Creating Pathways in the Garden

Yesterday was quite nice out and I had a trunk full of free mulch I had picked up in town, so DH and I seized the day and decided to create pathways between our lasagna beds.

First, I pulled back the black weed barrier and found a surprise guest:


Bailey was curious, but cautious:


Bailey supervised as I got ready to mow the grass around the beds as short as possible:

lasagna garden beds

Next, I laid down a layer of cardboard and soaked it with a hose. Note to self: Putting down cardboard goes much faster than using newspaper! Second note to self: Since it goes so fast, it couldn't possibly hurt to put down 2 layers next time.

lasagna garden beds

A thin layer of mulch goes down on both pathways. I kept the pathways fairly wide because originally I was thinking I would need to get a lawnmower in between the beds. I decided to keep them wide anyway since I'll still need to get the wheelbarrow between the rows and we certainly have plenty of space, so may as well give myself plenty of room to work.

lasagna garden beds

Almost as soon as the mulch went down, I decided that it was probably a mistake. The idea behind mulching the pathways was to cut down on having to mow and try to keep the grass from encroaching on the garden beds. However, the more I thought about the mulched areas around our yard, the more I thought about all the weeding I have to do in those mulched area.

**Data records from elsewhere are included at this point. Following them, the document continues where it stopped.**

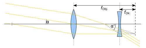 Das Objektiv erzeugt in der Fokalebene ein auf dem Kopf stehendes und seitenverkehrtes (also insgesamt um 180° gedrehtes) reelles Bild des betrachteten Gegenstands, dort kann auch ein Mikrometer oder Fadenkreuz angebracht werden. Dieses Zwischenbild wird mittels des Okulars wie mit einer Lupe vergrößert betrachtet.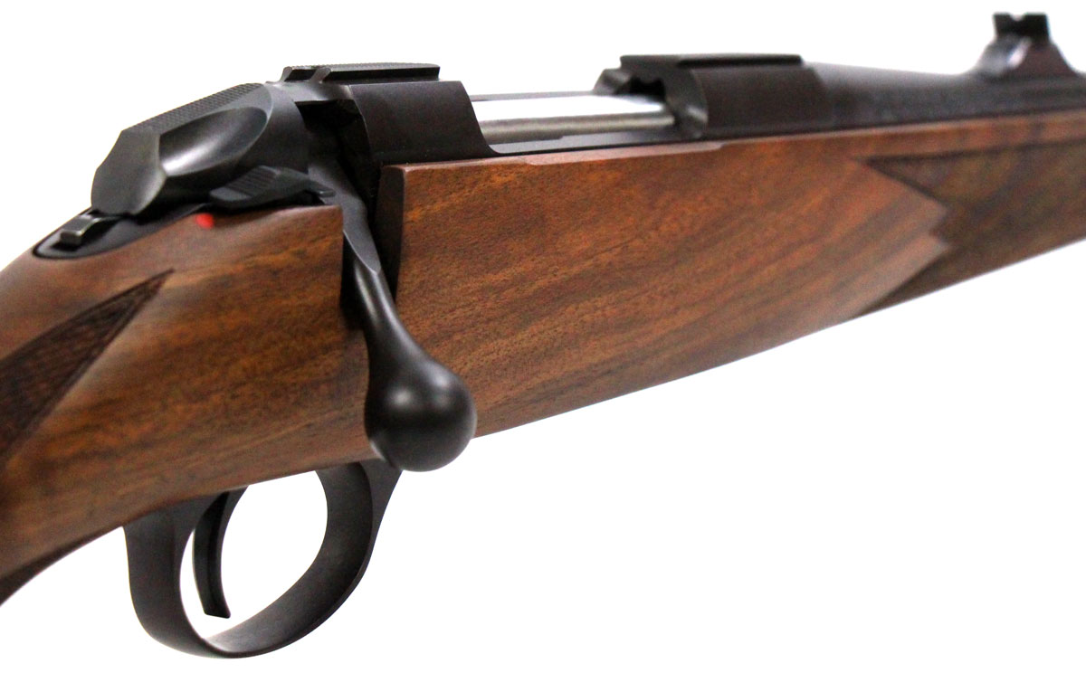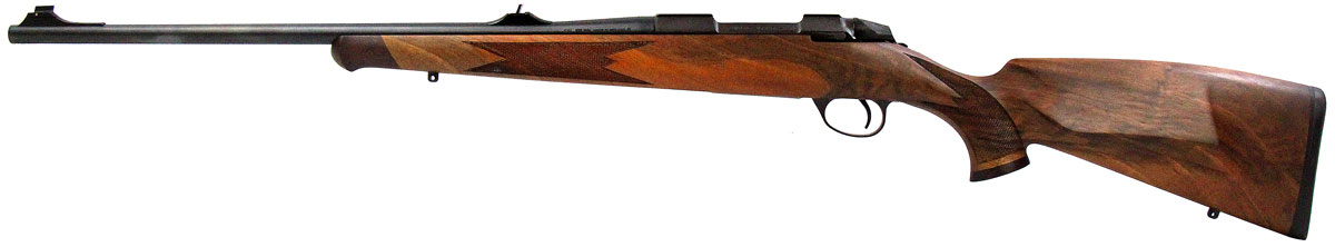 This is a used Sako 85-S Bavarian rifle chambered in 308 Winchester. It features a 22-inch barrel, 5-round detachable magazine, dovetail receiver rail, sling studs, open sights, and checkered walnut stock with Schnabel forend. Overall, this rifle is in good condition with some handling wear on the barrel. Bore condition is good with crisp rifling. This would be a good choice for big game hunting. Buy online today!
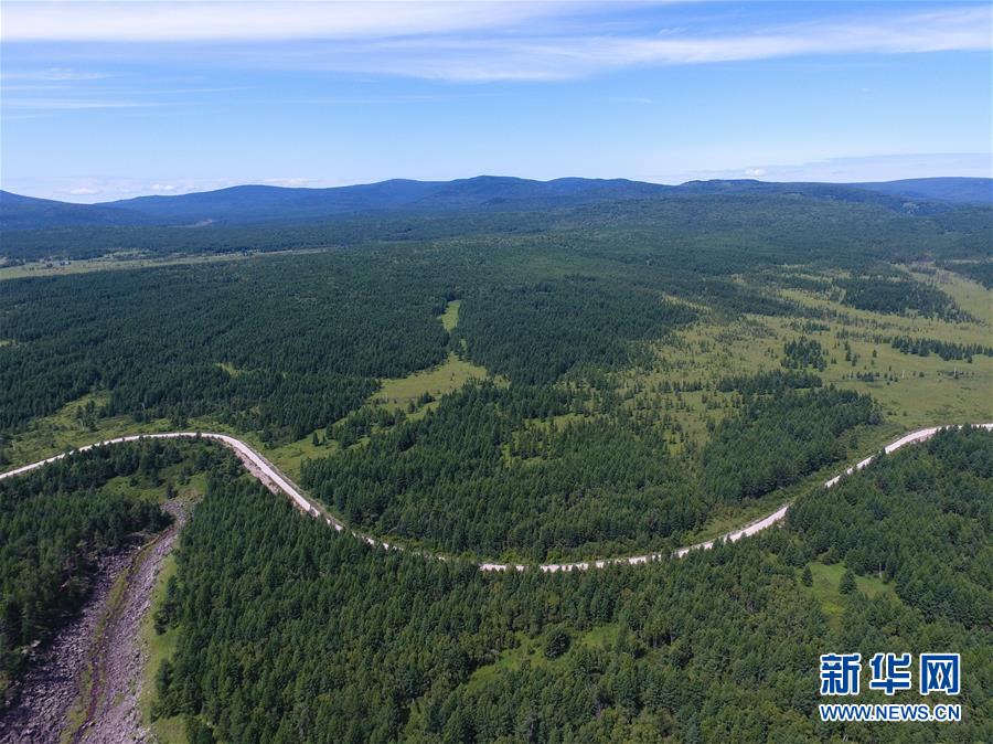 这是阿尔山国家森林公园景区内的公路(8月14日无人机拍摄)。 八月中旬的阿尔山国家森林公园郁郁葱葱,水光山色,景色宜人。 新华社记者 刘磊 摄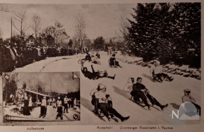 August Wiederspahn (1892-1972) hält in seinen als Buch publizierten Memoiren „Jugendtage im alten Kronberg“ fest, dass zu seiner Schulzeit um 1900 in der kalten Jahreszeit oft sechs Wochen lang Schlittenfahren ohne Unterbrechung täglich, manchmal sogar bis Mitternacht, angesagt war. Dann war Alt und Jung sowie Mann und Frau auf den Beinen oder besser gesagt auf den Rodeln. Damit sind wir schon beim eigentlichen Thema dieses Artikels angelangt – dem Rodelsport in Kronberg. Heute kaum mehr vorstellbar, dass bis in die 1950er Jahre jedes Wochenende bei guten Schneeverhältnissen abertausende Rodelbegeisterte beiderlei Geschlechts mit dem Zug und Auto aus Frankfurt in die allseits gerühmte Rodelhochburg Kronberg kamen, um hier ihrem Sport auf flinken Schlittenkufen zu frönen. Wiederspahn geht von bis 30 000 Personen aus. Wem es von diesen zu beschwerlich war, einen Schlitten mitzuschleppen, der konnte sich praktischerweise einen solchen in der Burgstadt ausleihen.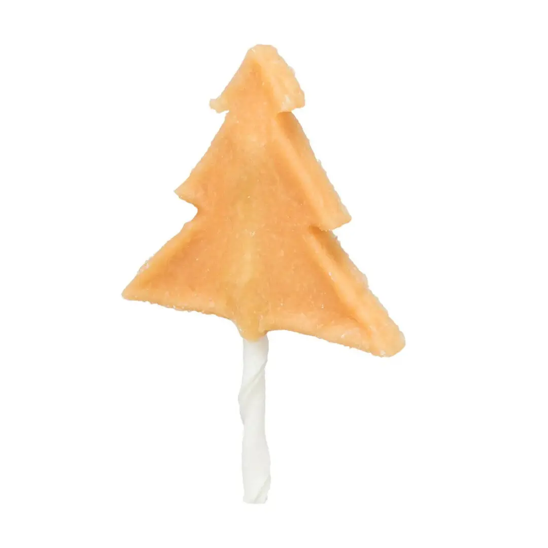 Trixie Tyggeben Juletræ Med Kylling er en dekorativ julesnack formet som et lille juletræ, der kombinerer saftig kylling med en fast kerne af råhud. Den stærke duft og bløde smag af kylling gør denne snack oplagt til hunde, der elsker et naturligt og aromatisk udtryk. Selvom formen er inspireret af julen, er den så populær blandt hunde, at den uden problemer kan serveres hele året som en lille bonus i hverdagen.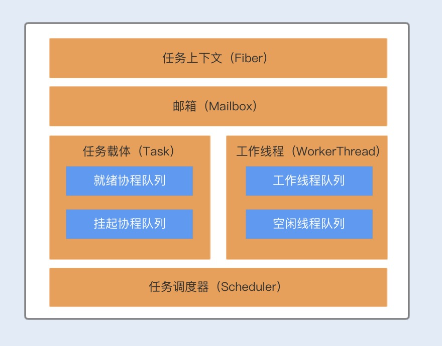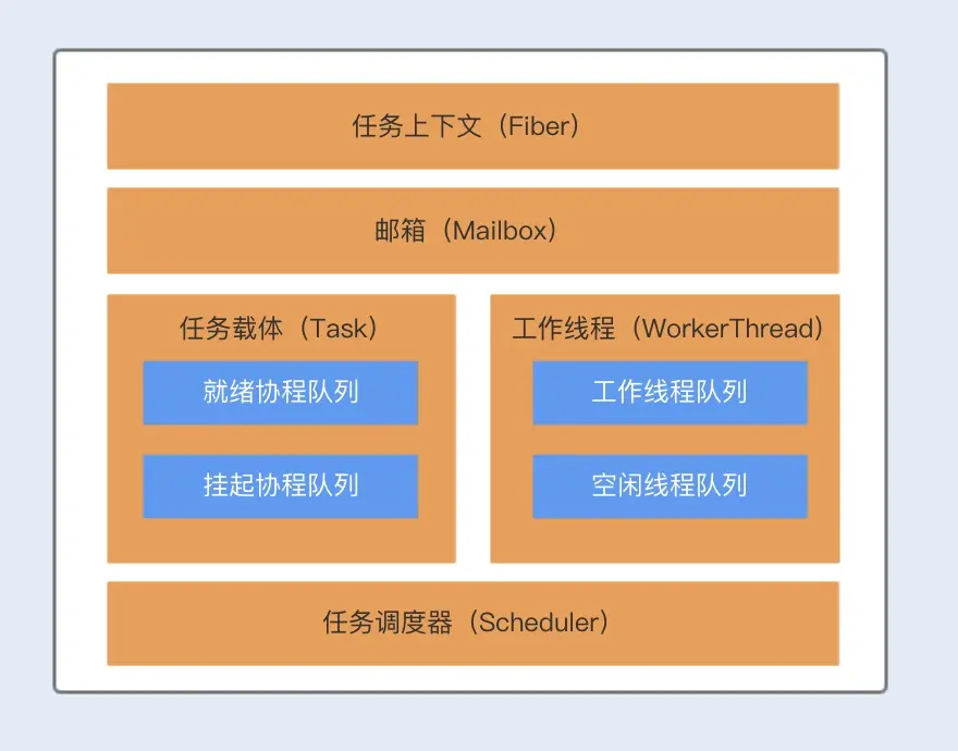 Kilim 框架包含了四个核心组件,分别为:任务载体(Task)、任务上下文(Fiber)、任务调度器(Scheduler)以及通信载体(Mailbox)。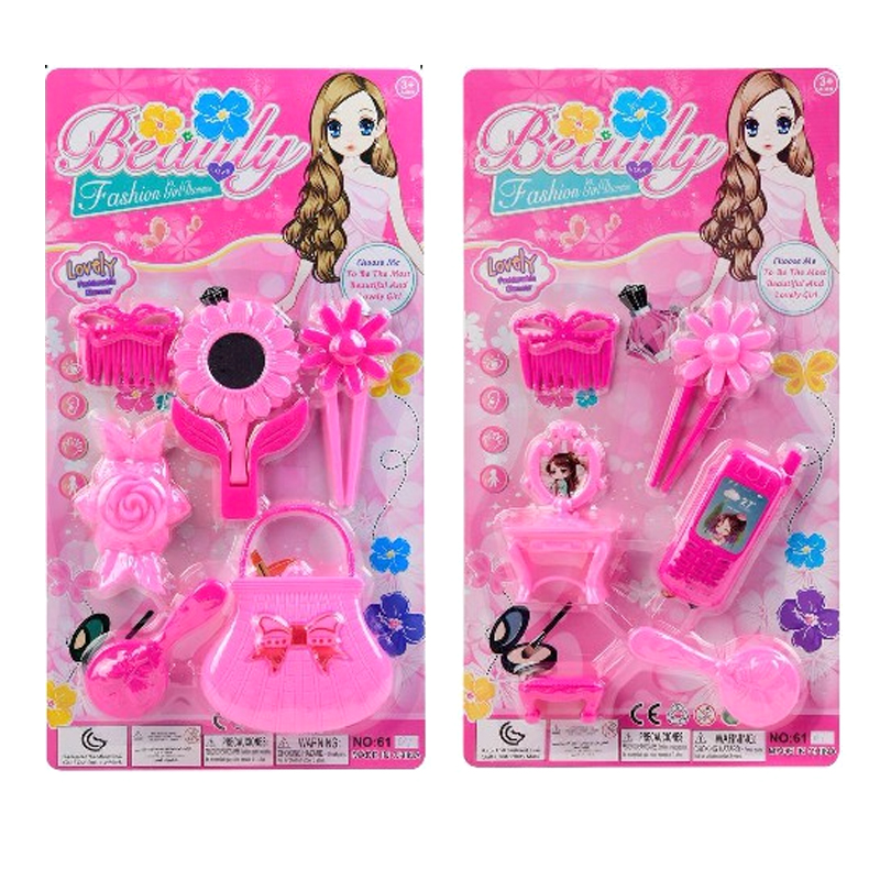Contiene un surtido conjunto de accesorios de belleza, de juguete.

Mowing grass in a narrow pathway would go WAY faster than weeding. I'm starting to think that keeping grass between the pathways would actually be the lower-maintenance option.

Instead of immediately ripping it all out, I decided to leave it for now. We'll build 2 more beds this season and leave the grass in place - this way we can have it both ways and see which way ends up being less work. Having it both ways will certainly bother the anal part of me that likes things to be just so, but it will be a useful learning exercise, so I'll try my best to overlook it.

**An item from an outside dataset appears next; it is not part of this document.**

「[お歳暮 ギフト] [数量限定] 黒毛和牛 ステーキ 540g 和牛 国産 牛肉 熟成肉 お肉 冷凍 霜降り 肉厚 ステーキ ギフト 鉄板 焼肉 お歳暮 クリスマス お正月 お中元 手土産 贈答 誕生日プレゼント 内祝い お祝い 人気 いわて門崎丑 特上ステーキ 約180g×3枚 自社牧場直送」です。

I dug a trench around the remaining borders of the beds to discourage the grass from trying to take over the beds:

trench around lasagna garden bed

Next project - hopefully to be completed next weekend as long as the weather holds out - a fence to keep out the bunnies. But so far this week is looking rainy and cold, so who knows when we'll get out there again............

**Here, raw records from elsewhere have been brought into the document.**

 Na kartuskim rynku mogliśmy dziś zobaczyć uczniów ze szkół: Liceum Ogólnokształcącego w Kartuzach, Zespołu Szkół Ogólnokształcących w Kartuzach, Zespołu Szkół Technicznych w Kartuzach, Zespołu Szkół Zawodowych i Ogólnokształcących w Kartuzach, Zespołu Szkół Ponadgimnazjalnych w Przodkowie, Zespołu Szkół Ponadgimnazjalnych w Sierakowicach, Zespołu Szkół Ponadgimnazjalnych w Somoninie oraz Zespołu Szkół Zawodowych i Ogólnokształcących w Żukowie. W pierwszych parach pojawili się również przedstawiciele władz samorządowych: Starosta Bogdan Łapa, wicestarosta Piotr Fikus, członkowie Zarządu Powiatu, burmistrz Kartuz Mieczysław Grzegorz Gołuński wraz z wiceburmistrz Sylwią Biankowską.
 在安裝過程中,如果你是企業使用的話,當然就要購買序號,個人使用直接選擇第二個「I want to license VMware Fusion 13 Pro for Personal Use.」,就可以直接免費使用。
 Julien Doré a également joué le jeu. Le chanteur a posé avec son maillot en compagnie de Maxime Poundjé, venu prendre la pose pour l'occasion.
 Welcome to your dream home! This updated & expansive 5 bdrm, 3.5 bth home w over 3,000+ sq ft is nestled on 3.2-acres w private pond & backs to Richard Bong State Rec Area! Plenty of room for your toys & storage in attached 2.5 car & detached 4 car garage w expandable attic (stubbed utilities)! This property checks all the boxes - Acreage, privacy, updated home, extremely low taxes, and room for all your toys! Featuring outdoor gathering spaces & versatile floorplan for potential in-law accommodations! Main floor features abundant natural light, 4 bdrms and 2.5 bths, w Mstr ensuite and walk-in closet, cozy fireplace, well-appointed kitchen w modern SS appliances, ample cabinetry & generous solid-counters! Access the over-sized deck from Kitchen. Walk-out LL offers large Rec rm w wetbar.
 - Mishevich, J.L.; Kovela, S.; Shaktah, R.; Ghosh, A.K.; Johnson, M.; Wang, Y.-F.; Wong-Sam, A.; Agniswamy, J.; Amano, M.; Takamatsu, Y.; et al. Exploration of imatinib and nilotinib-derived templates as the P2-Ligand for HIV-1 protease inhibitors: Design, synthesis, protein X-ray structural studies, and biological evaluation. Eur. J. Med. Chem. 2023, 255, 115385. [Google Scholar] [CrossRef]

  1. Well, I think it looks nice with the mulch in place- and with the layer of cardboard in there, you may be okay on weeds for awhile. I'll be watching your progress with interest this year. :-)

  2. Thanks Erika. I'm crossing my fingers for a successful year. I've been so discouraged in the past with fighting Japanese beetles, various kinds of wilt and all kinds of problems! I'm due for a good year. :)

  3. Alysha- that snake is so pretty! And awesome for your garden... hopefully there are more lurking about :)

    I am attempting to start a small garden myself this year. Usually I just help at my parents' huge garden and bring home goodies from their house. But this year I want tomatoes and pumpkins and peppers outside my door (yes - an odd assortment!).

    Your progress is going great :) Good luck and keep updating us!!

  4. Wow, you have a beautiful golden! We joined a CSA this year, so I've been waffling about building a garden, but I think you have inspired me to try this method. Maybe just a small garden with some herbs and heirloom tomatoes.

  5. Josie - Good luck with yours too. I think pumpkins may go into our garden too this year. I guess I should really plan it out, huh?

    Natalie - I keep wanting to try a CSA, but then it seemed silly to do that AND build a garden. Definitely try the herbs and tomatoes - that's what I plant when I can't plan anything else because herbs are so expensive at the store and store-bought tomatoes are generally worthless.

  6. Alysha- your cooked beds look great! I'll be interested in the results of the mulch vs. no mulch experiment on the paths. My new bed seems to be pretty happy too- I've just put in tomato plants, and seeded beans and squash. No snakes when I removed the black plastic, though- phew!

    Stephanie (Gertdog)

  7. Hi Stephanie. Good luck with your beds. We'll have to compare notes. So far I'm really pleased with how things are turning out. I owe you a big thank you for being the one that let me know that lasagna gardening existed in the first place! I'm addicted! :)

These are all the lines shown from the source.